Biblical stupidity 2549

There are 7427 blatant absurdities in the bible. Many biblical books were deemed so stupid that 1800 imbeciles decided to ban them from the approved bible, in 325AD. Next comes The GOSPEL of NICODEMUS, formerly called the ACTS of PONTIUS PILATE. (Sit tight, hang on, we are about to discover some major BS.)

CHAP. XXI.
1 Charinus and Lenthius being only allowed three days to remain on earth, 7 deliver in their narratives, which miraculously correspond; they vanish, 13 and Pilate records these transactions.

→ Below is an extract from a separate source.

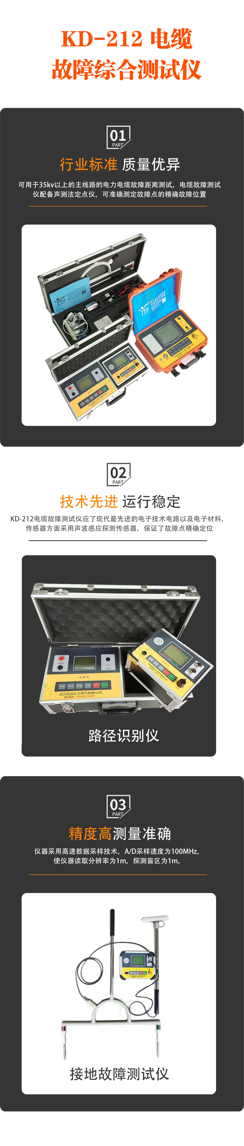 KD-212電纜故障測(cè)試儀能對(duì)地埋電力電纜故障、礦用電纜故障、通訊通信電纜故障、路燈電纜故障、高低壓電纜故障、直埋電纜故障、架空電纜故障中的開(kāi)路、短路、閃絡(luò)放電故障、高阻泄漏故障、高阻閃絡(luò)故障,高低阻性的接地觸不良等故障進(jìn)行綜合分析檢測(cè)。能對(duì)電纜故障點(diǎn)進(jìn)行行波測(cè)量法、低壓脈沖法、脈沖電流法(直閃法、沖閃法)、弧反射法準(zhǔn)確查找、定位等。是國(guó)內(nèi)比較可靠的便攜數(shù)字式電纜故障綜合分析檢測(cè)儀器。電纜故障測(cè)試儀可用于35kv以上的主線路的故障距離測(cè)試,該電纜故障測(cè)試儀適用于測(cè)試各種型號(hào)、不同等級(jí)電壓的電力電纜及通信電纜。

THESE are the divine and sacred mysteries which we saw and heard. I, Charinus and Lenthius are not allowed to declare the other mysteries of God, as the archangel Michael ordered us,
2 Saying, ye shall go with my brethren to Jerusalem, and shall continue in prayers, declaring and glorifying the resurrection of Jesus Christ, seeing he hath raised you from the dead at the same time with himself.
3 And ye shall not talk with any man, but sit as dumb persons till the time come when the Lord will allow you to relate the mysteries of his divinity.
4 The archangel Michael farther commanded us to go beyond Jordan, to an excellent and fat country, where there are many who rose from the dead along with us for the proof of the resurrection of Christ.
5 For we have only three days allowed us from the dead, who arose to celebrate the passover of our Lord with our parents, and to bear our testimony for Christ the Lord, and we have been baptized in the holy river of Jordan. And now they are not seen by any one.
6 This is as much as God allowed us to relate to you; give ye therefore praise and honour to him, and repent, and he will have mercy upon you. Peace be to you from the Lord God Jesus Christ, and the Saviour of us all. Amen, Amen, Amen.
7 And after they had made an end of writing and had wrote in two distinct pieces of paper, Charinus gave what he wrote into the hands of Annas, and Caiaphas, and Gamaliel.
8 Lenthius likewise gave what he wrote into the hands of Nicodemus and Joseph; and immediately they were changed into exceeding white forms and were seen no more.
9 But what they had wrote was found perfectly to agree, the one not containing one letter more or less than the other.
10 When all the assembly of the Jews heard all these surprising relations of Charinus and Lenthius, they said to each other, Truly all these things were wrought by God, and blessed be the Lord Jesus for ever and ever, Amen.
11 And they went about with great concern, and fear, and trembling, and smote upon their breasts and went away every one to his home.
12 But immediately all these things which were related by the Jews in their synagogues concerning Jesus, were presently told by Joseph and Nicodemus to the governor.
13 And Pilate wrote down all these transactions, and placed all these accounts in the public records of his hall.

Taking everything into consideration, the Bible was written mostly by losers for the benefit of other losers. A lot of Christians don’t understand that they must open the bible in order to read it; most of them just guess what’s in it. If you believe or accept anything in the bible as true, then you are a loser.